Platform reviewed: PS Vita
When Demon’s Souls hit the market years ago, it filled a void that was starting to creep into gamer’s vocabulary: NES difficulty. Most gamers remember, or have been told stories of, how difficult a lot of the old NES games were, through legitimate or illegitimate means. Natural Doctrine appears to step up and try to take that crown, which is currently owned by Demon’s Souls predecessor Dark Souls. Can this lofty goal raise shamelessly and unapologetically brutal games to new heights, or will it wilt under the pressure of its own task?
Kadokawa Games brings you a world where only the fittest are given a chance at living. Humans wishing for a better life have to prove their worth to be granted citizenship into the city of Feste, or else be left to fend for themselves in the world’s wastelands. Enter Geoff and his compatriots trying to accomplish that very task, while going through the narrative twists and turns that prevent them from doing so. What’s so unique about the story is half of it takes place on the map in the form of speech bubbles by the character’s portrait. They keep on speaking as you look around the world map wondering where to go next.
While the story is not trying to be avant-garde, it doesn’t pretend to be. The entire focus is on how insanely hard it is, making Dark Souls seem fair in comparison. Right away the player is given a ruthless lesson in tactics. If any of your characters die it is game over. That’s right, any character. If Mr. Mage gets ambushed then it is back to the drawing board for you. Even on the hardest difficulty mode in XCOM there was that allowance for death, even if permanent, so it pushes those tactical thinking skills to the limit.
A hard game does not equal a bad game, but the problem with Natural Doctrine is the gameplay itself has flaws that punish players. Most of the stages feel like you are being corralled into certain movements and decisions due to either: A) the stages just being connected corridors, or B) the lack of mobility for units to move more than a couple spaces to allow the player to flex their tactical genius and creativity. Add in some quirks, like enemies being able to spam you when opening doors while you are stuck with a cool down, as well as not being able to pinpoint exactly where your units go when taking over an enemy square and leading to area of effect attacks hurting you more than they should, and you start to get a better picture.
Due to the lack of movement it also creates a very slow pace to the game. Having to constantly move characters two squares at a time, even when nothing is around, prolongs the game needlessly. Holding the circle button speeds things up a little bit, but the moving of multiple units from one point of the map to the other get tedious because you have to physically move them. Something like a point-and-click system would have worked better for speeding up the game.

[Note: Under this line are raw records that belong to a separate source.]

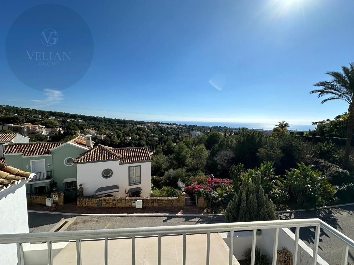 Enclavada en la prestigiosa Milla de Oro, esta adosada es una verdadera joya con impresionantes vistas panorámicas al mar y a la montaña.
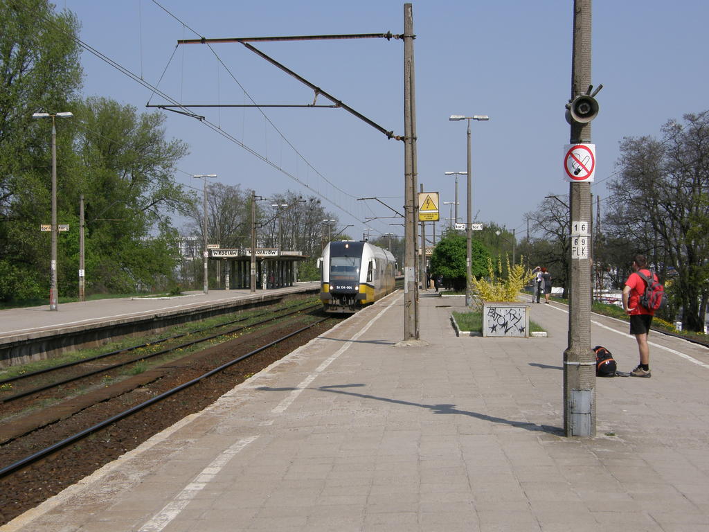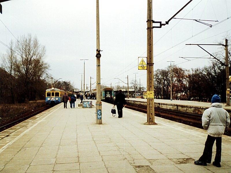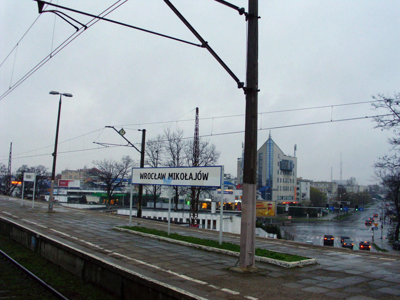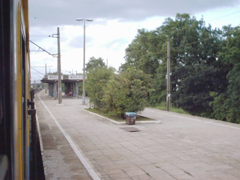 Wrocław Mikołajów, perony, po lewej pociąg z Rawicza (EN57–1131ra), po prawej do Poznania.
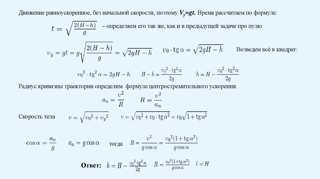 Движение равноускоренное, без начальной скорости, поэтому Vy=gt. Время рассчитаем по формуле:– определяем его так же, как и в предыдущей задаче про пулю
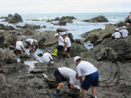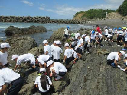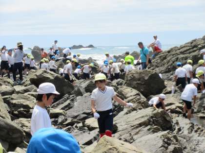 いよいよ,それぞれの場所に分かれ,磯浜観察に入りました。ところどころ滑りやすかったり,とがっていたりして,歩きにくい岩ばかりでしたが,子どもたちは楽しいひとときを過ごしました。干潮の時刻とも重なり,日ごろでは見えないような岩場の生き物も観察することができました。
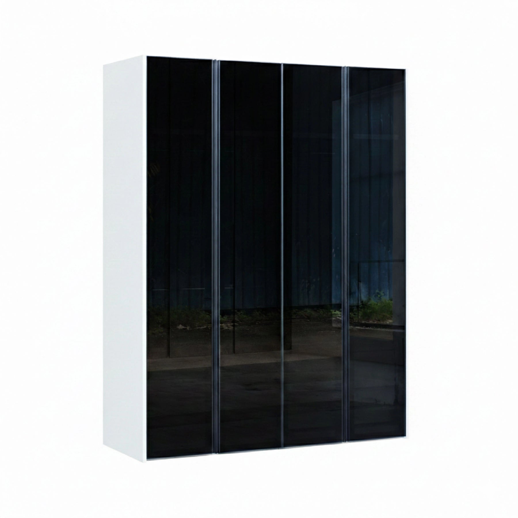 Tall wardrobe with black glass doors and wooden frame on a white background
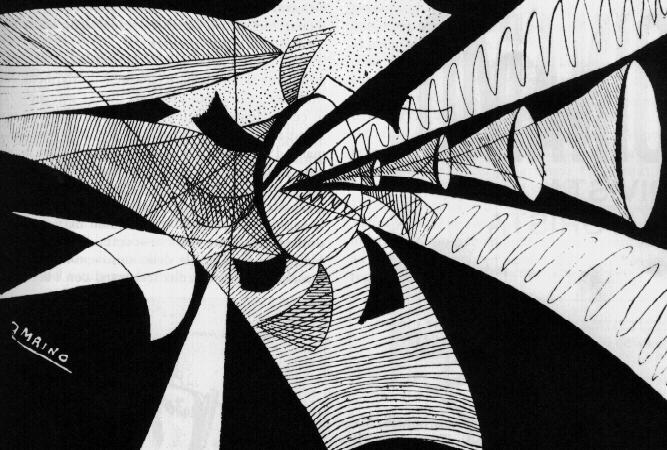 L’idea di spazio è suggerita soprattutto dalla parte destra dell’immagine; essa trasmette la sensazione di profondità individuando un punto di fuga al centro. Inoltre il movimento è generato dalle linee curve.
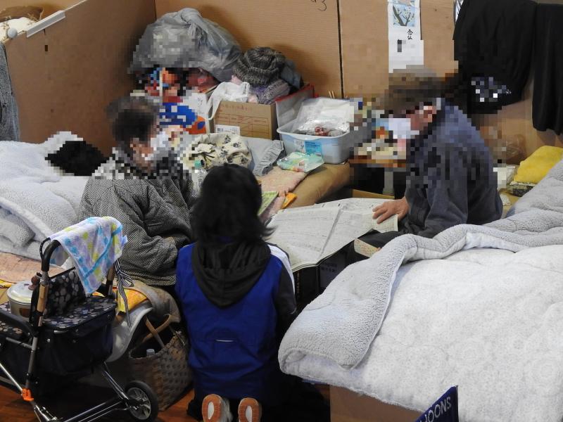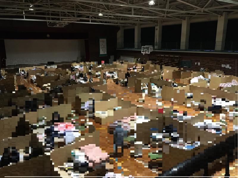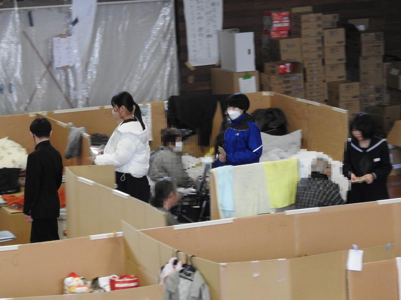 2階~3階は、児童・生徒のスペースです。2階の一部(音楽室。調理室)は入浴支援の自衛隊員が駐留しています。児童・生徒との動線は離しています。
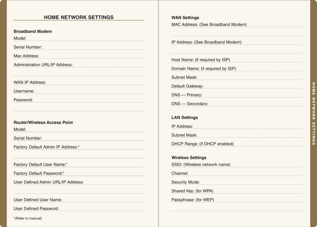 Here's your attractive online password organizer in Extra Large! At last, adequate space in which to record internet usernames and passwords. Space is provided on each page to write down website names, usernames, passwords, and extra notes. Logbook makes an attractive and practical accessory for home or office. Measures 6-1/2'' wide x 8-1/2'' high with 144 pages.
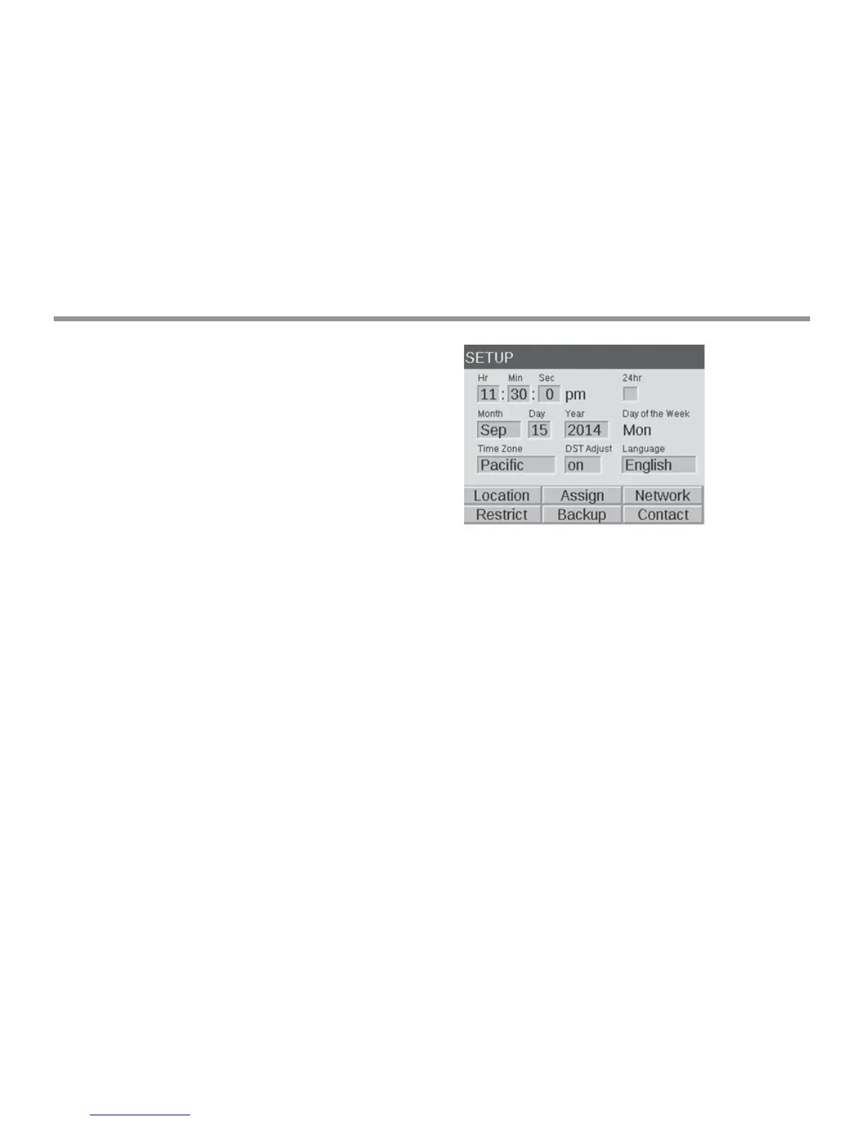 • Set the three time categories (Hr:Min:Sec) to the current time
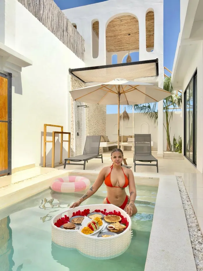 The reality TV star indulged in a luxurious stay at Villa Mushu, complete with stunning pools and the delight of a floating breakfast.

One aspect that was unique, and I enjoyed a lot because it gave some strategy to your choices, was the levelling up system. Stat points are not permanent, as in other RPGs. When you level up you gain one point, or two in the case of Geoff, which are used to activate boxes on a grid. You can customize that character however you want. If something doesn’t work you can then take the points off at any time and put them into other categories. That mechanic works itself into that trial and error theme of the game.
This game was reviewed solely on PS Vita so in terms of graphics it is a bit lackluster, even for a handheld. The art portraits look beautifully drawn but that is the best you will get. Dungeons and areas are bland looking, and while not jagged they also do not look crisp to the naked eye. Character models are a little more refined but still appear like they would in a PS2 game. This game is obviously made to be about strategy rather than being the next visual masterpiece, so judge accordingly. They did make different weapons models which is a nice plus, especially since there are named weapons. Nothing is worse than equipment looking generic.
Sadly, the musical score comes out as bland as the graphics. Listening to it you can tell where you are and what you are doing but it does not come off as inspiring, as opposed to Mass Effect for example. You’ll be in a dungeon and get dungeon-sounding music, for example, but that is it. Booting up your kickass medieval playlist on YouTube would serve you better. The voice actors do make up for it by giving an inspiring performance. NIS published games are always known for their stellar casting and this is no exception.
Overall, Natural Doctrine is a game for those with masochistic gaming tendencies. The gameplay is slow and unforgiving and making mistakes is doubly time consuming. Gamers who can handle the grind will enjoy the world, but players who need a quicker paced SRPG are better served elsewhere.